→ **Material for this task**:
--- START ---

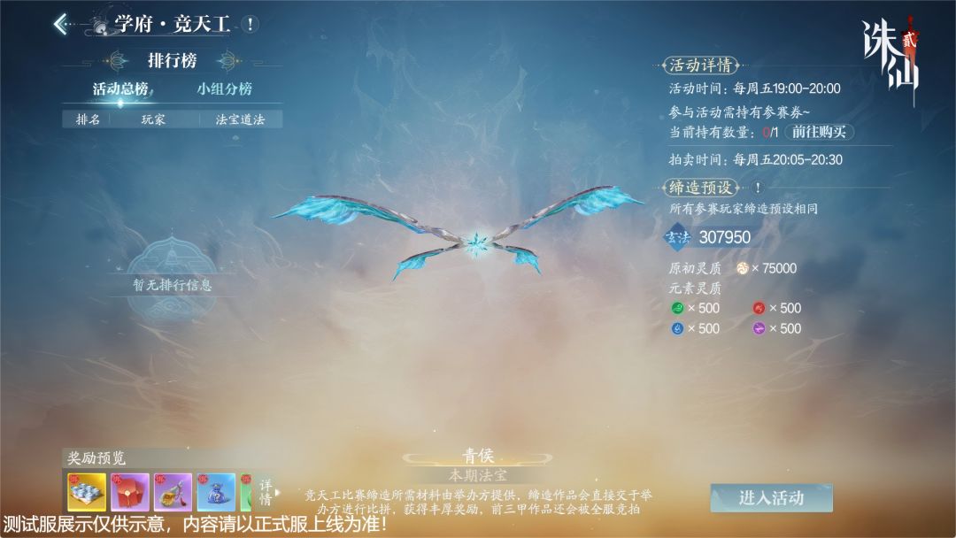 谁说炼宝只是土豪的游戏?仙枢院全新玩法 「学府·竞天工」 上线,真正实现绝对公平的炼宝舞台!在此,系统将免费提供所有缔造材料,所有玩家使用统一的默认模板,全心比拼对炼宝之道的领悟。每人拥有两次机会,最终以法宝蕴含的“道法”论高低,仙友们仅需购买门票即可参与活动。炼宝大神的你不仅可以赢得大量仙钞奖励,当期活动道法排名前3的法宝更将进入全服拍卖,收入税后全额分红给排名靠前的仙友!海量银锭收入,一夜暴富不是梦,只为擅长炼宝的你~
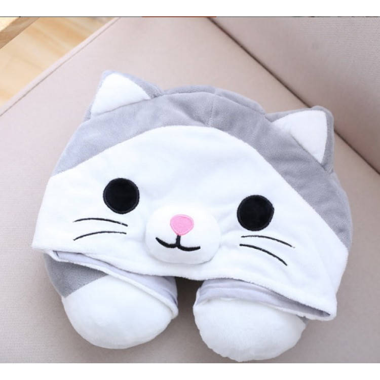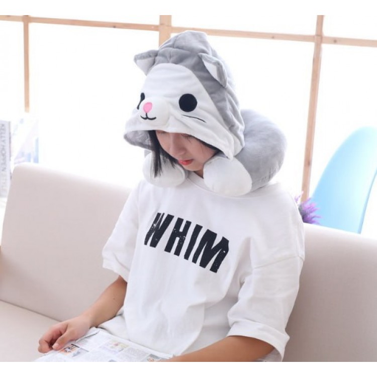 Подушка в дорогу з капюшоном "Сіра з Білим Кішечка", 1шт
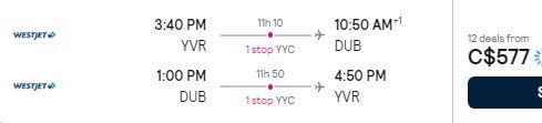 Google Flights: Vancouver to Dublin, Ireland
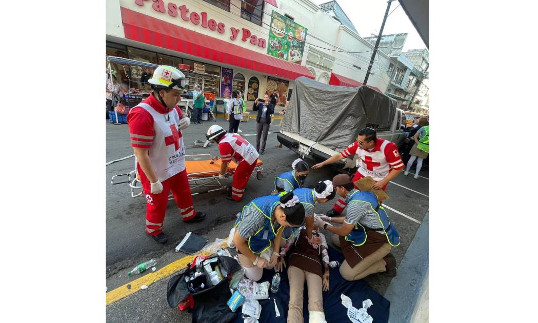 MAZATLÁN._ Un simulacro con temática de evacuación por incendio en el área de cocina y atención prehospitalaria básica, se realizó este martes en las instalaciones del restaurante Panamá, ubicado en la zona Centro de Mazatlán.
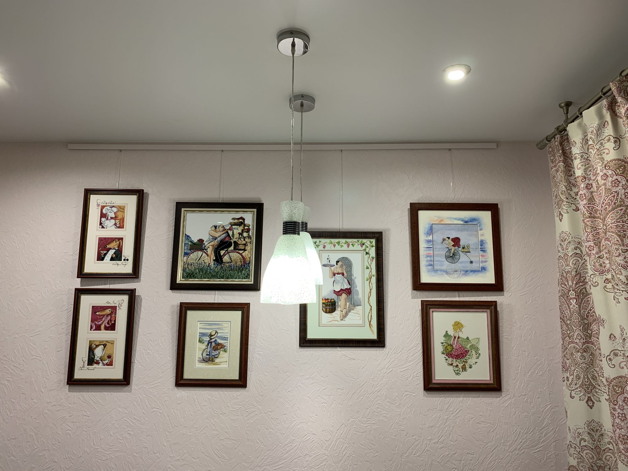 14 ноября 2020 3 минуты назад, makalicha1970 сказал(а): О, какая стеночка! Здорово!!! Лена, а эта подвесная система сколько еще работ выдержит? Ведь Веста у тебя еще прилично!))) В принципе, можно и менять работы, почему бы и нет?! Выдержит много, там крючки, которые вешают на леску, рассчитаны на разный вес картин. АлёNка, СветланаМ и makalicha1970 сказали спасибо Поделиться сообщением Ссылка на сообщение
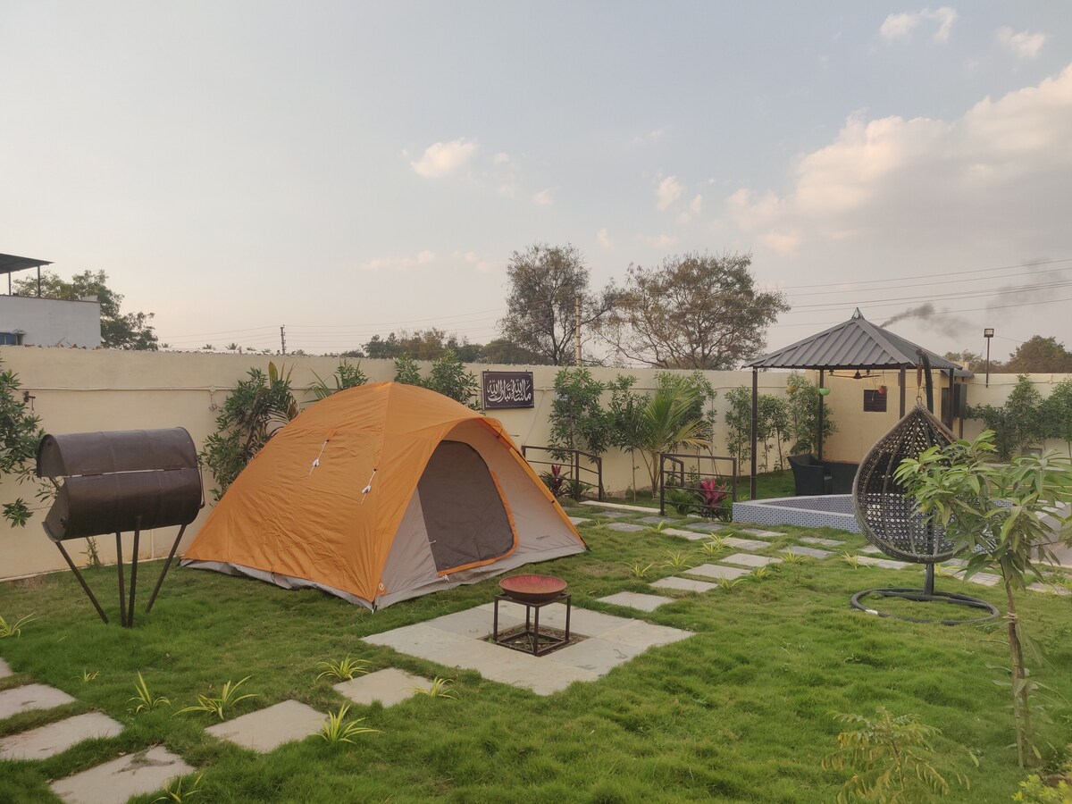 Notre propriété de ferme de 2 acres est situé à la périphérie de Bangalore - à 50 km en voiture de la ville électronique. Il fait partie d'un domaine de 33 acres et est entouré de nature : montagnes, arbres, ciel clair et lac à l'avant. Un bel endroit où vous pourrez vous détendre avec vos amis et votre famille, une escapade parfaite loin de la vie urbaine ! Nouvelle PISCINE maintenant ouverte ! ! ! Vous pouvez profiter d'un feu de camp, d'un barbecue, de l'observation des étoiles, du camping, des jeux d'intérieur et d'extérieur. Nous avons maintenant clôturé notre propriété, elle est donc sécurisée pour les enfants et les animaux de compagnie.
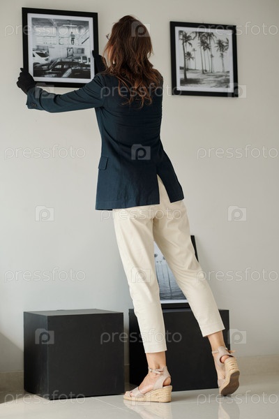 Задний вид молодой женщины в формальной одежде и черных перчатках, висящей на стене
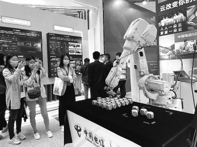 5月17日,2021年世界電信和信息社會日大會上,人們正在圍觀一款5G工業(yè)機(jī)器人。本報(bào)記者 劉坤攝/光明圖片
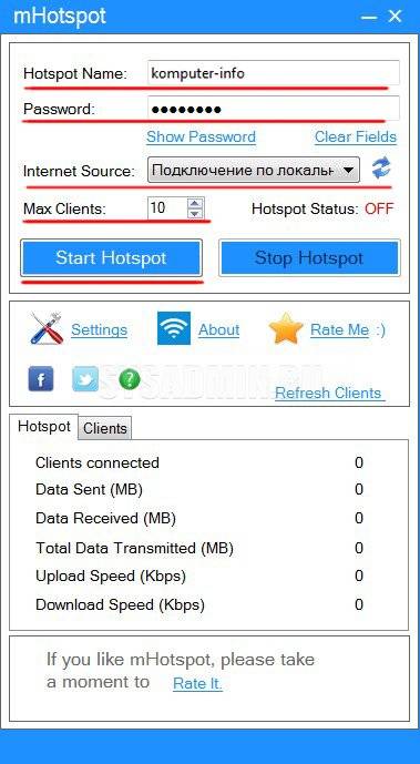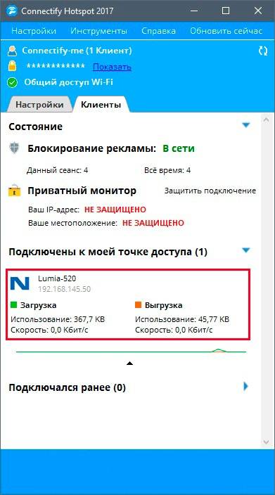 Сохранить изменения кнопкой Start Clients. Статус Hotspot: ON свидетельствует о том, что программа активна. В нижней части окна приложения доступна статистика. Здесь есть информация о количестве пользователей в данный момент и о потребленном ими трафике.
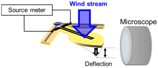 As already mentioned in Section 1, this operation offers specific advantages of evaluating aerodynamic characteristics according to the degree of freedom set during the sensor installation. This method can be applied for evaluating curved surfaces, such as those of automobiles and aircraft. Furthermore, the fabrication process executed in this work is relatively suitable for fabricating large areas. Thus, it can also be applied toward imaging circulating air in living spaces, factories, and closed chambers. We consider that the addition of the mechanical function to the film substrate by using laser cutting to utilize the feature of substrate flexibility is crucial to the design. We strongly believe that this device design concept, which we call flexible mechatronics, will spur more developments in the field of flexible electronics.
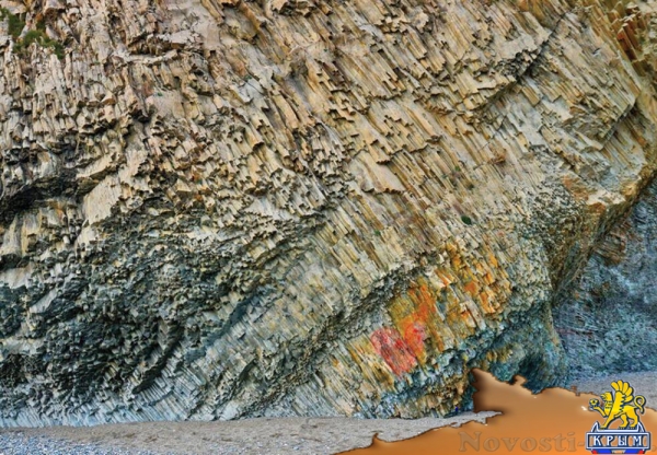 Интересно, что с обратной стороны, доступной взору только с моря, она, как и Крестовая скала, сложена из шестиугольных призматических столбцов. Эта геометрически правильная структура поражает воображение. Само жерло вулкана, как предполагается, располагалось на месте мыса. Если двигаться в любую из сторон от него, на протяжении нескольких километров встречаются застывшие потоки лавы – свидетельства бушевавшего миллионы лет назад вулкана.

--- END ---

→ **Task**: Take the records from their first line through the line containing "Google Flights: Vancouver to Dublin, Ireland" and please return exactly those lines, both ends included, minus the pictures.

→ **Solution to this task**:
 谁说炼宝只是土豪的游戏?仙枢院全新玩法 「学府·竞天工」 上线,真正实现绝对公平的炼宝舞台!在此,系统将免费提供所有缔造材料,所有玩家使用统一的默认模板,全心比拼对炼宝之道的领悟。每人拥有两次机会,最终以法宝蕴含的“道法”论高低,仙友们仅需购买门票即可参与活动。炼宝大神的你不仅可以赢得大量仙钞奖励,当期活动道法排名前3的法宝更将进入全服拍卖,收入税后全额分红给排名靠前的仙友!海量银锭收入,一夜暴富不是梦,只为擅长炼宝的你~
 Подушка в дорогу з капюшоном "Сіра з Білим Кішечка", 1шт
 Google Flights: Vancouver to Dublin, Ireland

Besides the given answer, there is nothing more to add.